The electrical trains operate on 750 V DC voltage. Individual carriages, made from stainless steel, have a roof height of 3.7 m and a floor height of 1025 mm. The gap between bogies is 11.5 m, with the total length of the current trains (3 carriages) at 51,800 mm. The trains are assembled by PT INKA, with around half of the components manufactured locally.

===Stations===
The only line of the system serves 13 stations, all elevated. Six stations were initially opened to public in August 2018, with the rest gradually opening in the following months.

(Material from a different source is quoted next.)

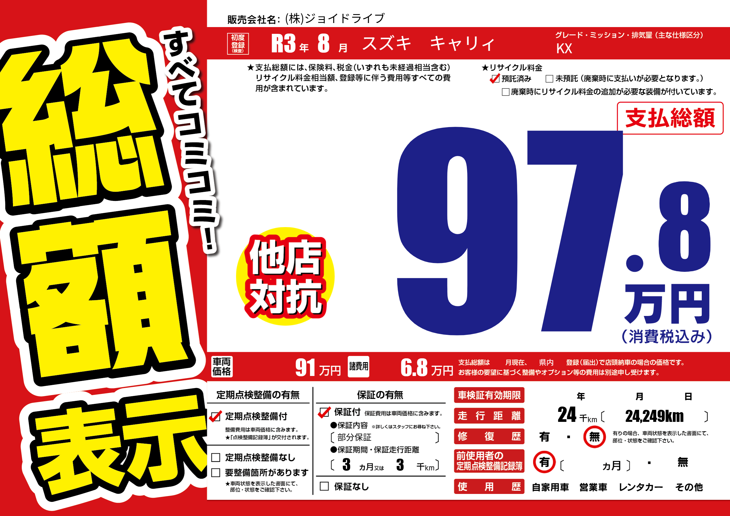 保証付き 保証内容(部分保証) 3ヶ月または(3)千kmまで |

| Station name | Opening |
|---|---|
| Bandara SMB II | 1 August 2018 |
| Asrama Haji | 7 September 2018 |
| Puntikayu | 24 September 2018 |
| RSUD | 25 September 2018 |
| Garuda Dempo | 19 October 2018 |
| Demang | 6 October 2018 |
| Bumi Sriwijaya | 1 August 2018 |
| Dishub | 20 September 2018 |
| Cinde | 1 August 2018 |
| Ampera | 1 August 2018 |
| Polresta | 27 September 2018 |
| Jakabaring | 1 August 2018 |
| DJKA | 1 August 2018 |

===Track===
The train uses a 1,067 mm ballastless, elevated track. The signalling for the track uses fixed-block signalling. Stretching 23.4 km between the airport in the northwest and train depot in the southeast, the track is supported by 9 electrical substations and a third rail. After passing Ampera station, the train crosses the Musi River next to the Ampera Bridge.

==Operation==
The train runs from 05:05 am to 08:43 pm, with 94 trips per day and a headway of 17 minutes. A full trip of the only line takes up to 49 minutes. In each station, the trains have a transit time of approximately 1 minute, except for the two terminuses at the depot and airport, where they stop for 10 minutes.

===Fares===
The fare separates passengers riding to and from the airport and those who do not, with the former paying a higher fare of Rp10,000 while the latter paying Rp5,000. Students can apply for unlimited-ride transit passes with the low price of Rp25,000/month. The fares are subsidized by the central government, which spent Rp120–180 billion annually to cover the operating cost of the system.

===Ridership===
The government targets a daily ridership of 96,000 with an increased figure of 110,000 by 2030. Between July 2018 and February 2019, around 1 million passengers travelled on the LRT. In November 2019, the operating company reported around 6,000 daily riders on weekdays and 10,000 on weekends, and that by October 2019 3 million trips had been completed. Daily ridership declined sharply in 2020 and 2021 due to the COVID-19 pandemic. However, by the first half of 2022, daily ridership had risen to exceed the pre-pandemic number.

Throughout the first half of 2025, the service had 2.2 million passengers.